Blog
David Guetta/Akon
8th October 2010
Discussion time. Back in May (May 28) I blogged this from Laurie Taylor’s Thinking Allowed:
“From Curtis Mayfield to 50 Cent, from Nina Simone to JayZ, black music has declined in its quality and lost its moral stance. That’s the contention of the cultural critic Paul Gilroy”.
With that view in mind, please feel free to check out the lyrics of David Guetta and Akon’s latest song - below. I recently had the temerity to suggest to someone that these were extremely sexist lyrics. They roundly rejected my claim. What do you think? And of course, a question is begged - what is sexism? And another - what effect, if any, do media have upon us?
Lyrics from “Sexy Bitch”
She’s nothing like a girl you’ve ever seen before!
Nothing you can compare to your neighborhood whore!
I’m tryinna find the words to describe this girl without being disrespectful!!!

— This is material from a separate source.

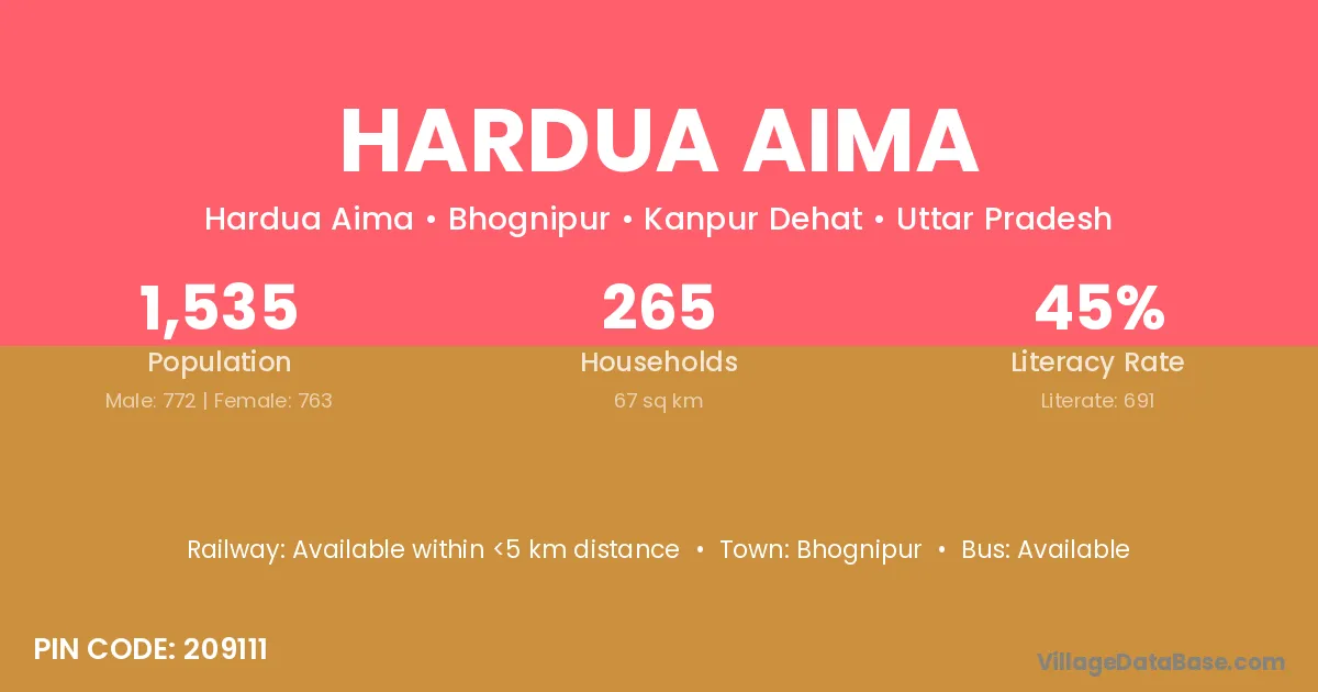 Hardua Aima village has a total population of 1,535 people, of which 772 are males and 763 are females.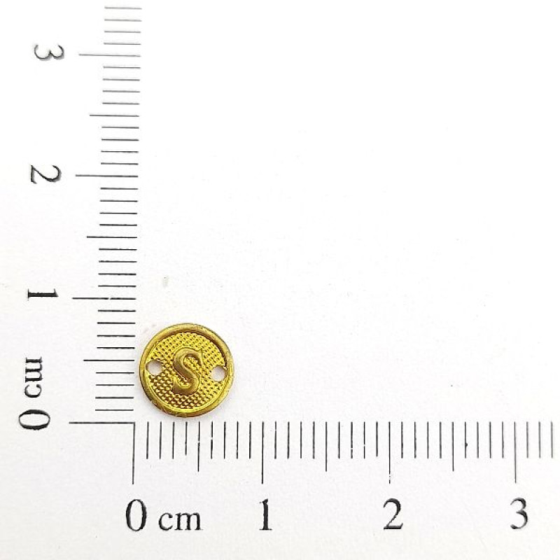 AC LATÃO REDONDO P TXT LETRA S 2 FUROS | MÍNIMO 5OG POR ACESSÓRIO => Peso:0,18g

The way, that booty movin’ - I can’t take no more
Have to stop what I’m doin’, so I can pull up her close
I’m tryinna find the words to describe this girl without being disrespectful
Damn Girl!!!
Damn, you’s a sexy bitch, sexy bitch!
Damn, you’s a sexy bitch!
For what it’s worth - my interpretation. The title itself is sexist - use of the derogatory term ‘bitch’. The third line - strange - why is it hard to describe a girl without being disrespectful? One suggestion given to me was that this would involve comparison with other girls, thus putting them down, and that would be disrespectful. I find this hard to believe - there’s no mention of other girls - except the ‘neighborhood whore’ in the previous line, and since she’s already been labelled a whore, it seems hard to envisage how Mr Guetta or Mr Akon could be any more disrespectful. Unless of course it is simply an empirical observation. That last sentence is a joke of course if you remember either Kuhn or Popper. So my feeling is that he (the singer/songwriter) means he can’t describe the girl without being disrespectful because he would have to describe her with reference to her sexuality and her physique. He hints - I think - that he wants to describe her physical attributes, but recognises that this might be considered ‘inappropriate’ in some way; too presumptuous perhaps. Yet that is contradictory because that is what he does in the very next line, and throughout the song. My conclusion is that the singers/writers hold contradictory views about women, men and sexuality. These contradictions enable them to simultaneously claim to ‘like women’, even to put them on a pedestal, to celebrate femininity, whilst at the same time seeing women as existing purely as sexual objects whose primary purpose is to satisfy men’s sexual impulses. I would agree wholeheartedly with Paul Gilroy -never mind the reggae of the 70s - contemporary black music - or at least some of it - is a long, long way from the sensitivity and humanity of 60s Motown, of singers like Aretha Franklin, Stevie Wonder and so the list could go on and on. But is this to adopt a puritanical, Mary Whitehouse view of some types of pop music? Not at all. If you want to know about good ways of representing sex in pop music there are any number of singers, bands, whatever, to listen to, but who do it in a good way. Rolling Stones, Lou Reed, Van Morrison, The La’s, even Ian Dury, and more recently Gnarls Barklay and Cee Lo Green. And many others.